The measures detailed in a joint statement included what amounted to an extremely rare public apology from North Korea, which 'expressed regret' over mine blasts this month that maimed two South Korean soldiers on border patrol.
In response, the South agreed to halt loudspeaker propaganda broadcasts into North Korea which it had resumed after a break of more than a decade in retaliation for the mine blasts. The loudspeakers will be switched off midday tomorrow, at which time the North will lift a 'semi war state' declared last week by leader Kim Jong Un.
The two also agreed to work towards a resumption next month of reunions for families separated by the 1950-53 Korean War, and to hold official talks in either Seoul or Pyongyang at a date to be decided.

The agreement, which appeared to cover all the major areas of contention, came after days and nights of grueling negotiations which began early Saturday evening in the border truce village of Panmunjom.

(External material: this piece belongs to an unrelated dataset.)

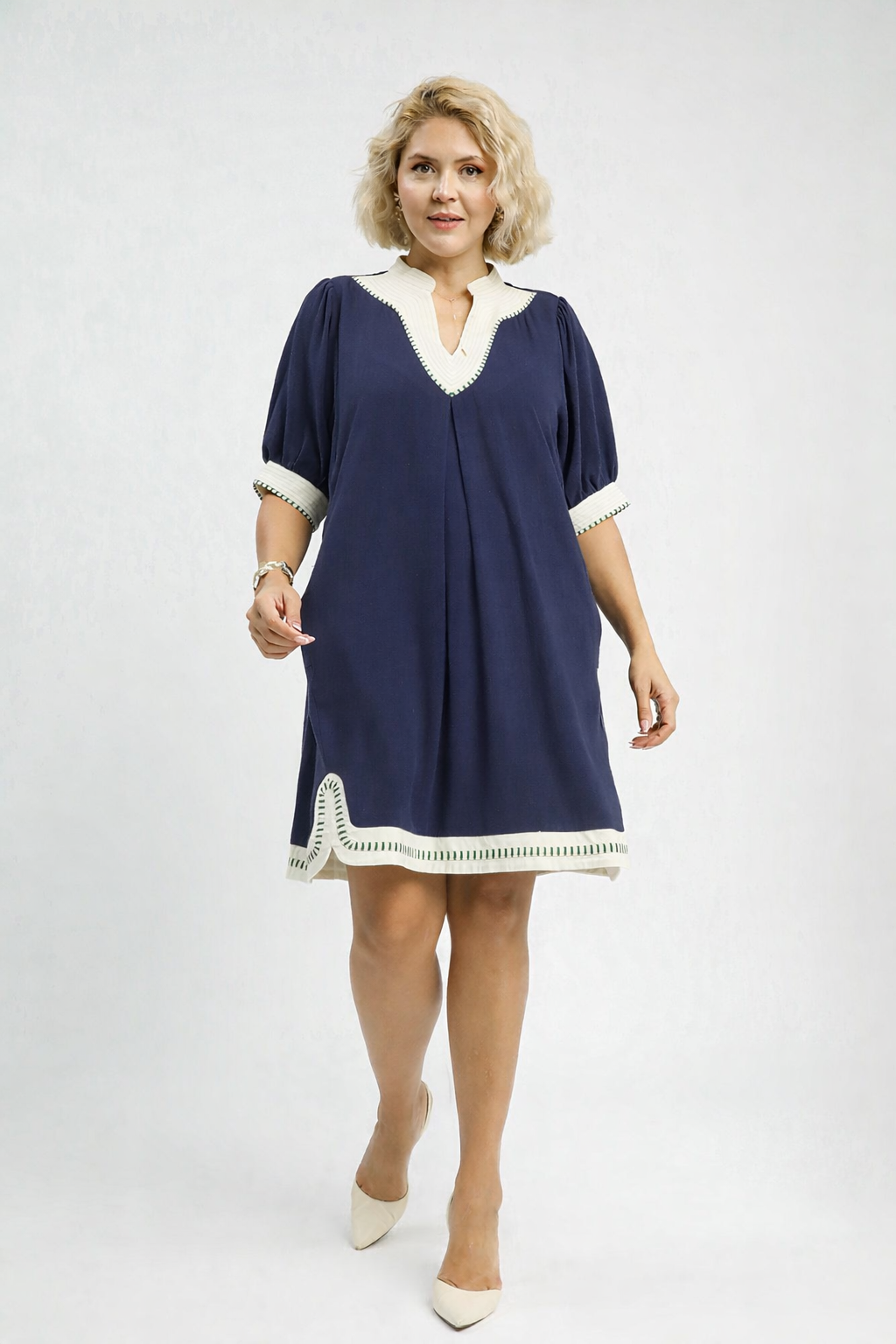 • Deep V-notch neckline with structured contrast trim

Tensions continued to rise as the discussions were taking place, with South Korean and US jets flying simulated bombing runs, and North Korea reportedly deploying two thirds of its 70-vessel submarine fleet

Kim said the agreed measures would not only settle the current crisis, but also provide a 'new momentum' for inter Korean relations in the future. The Panmunjom talks between Kim and his North Korean counterpart Hwang Pyong-So a close confidant of leader Kim Jong Un were the highest level inter Korean talks for nearly a year.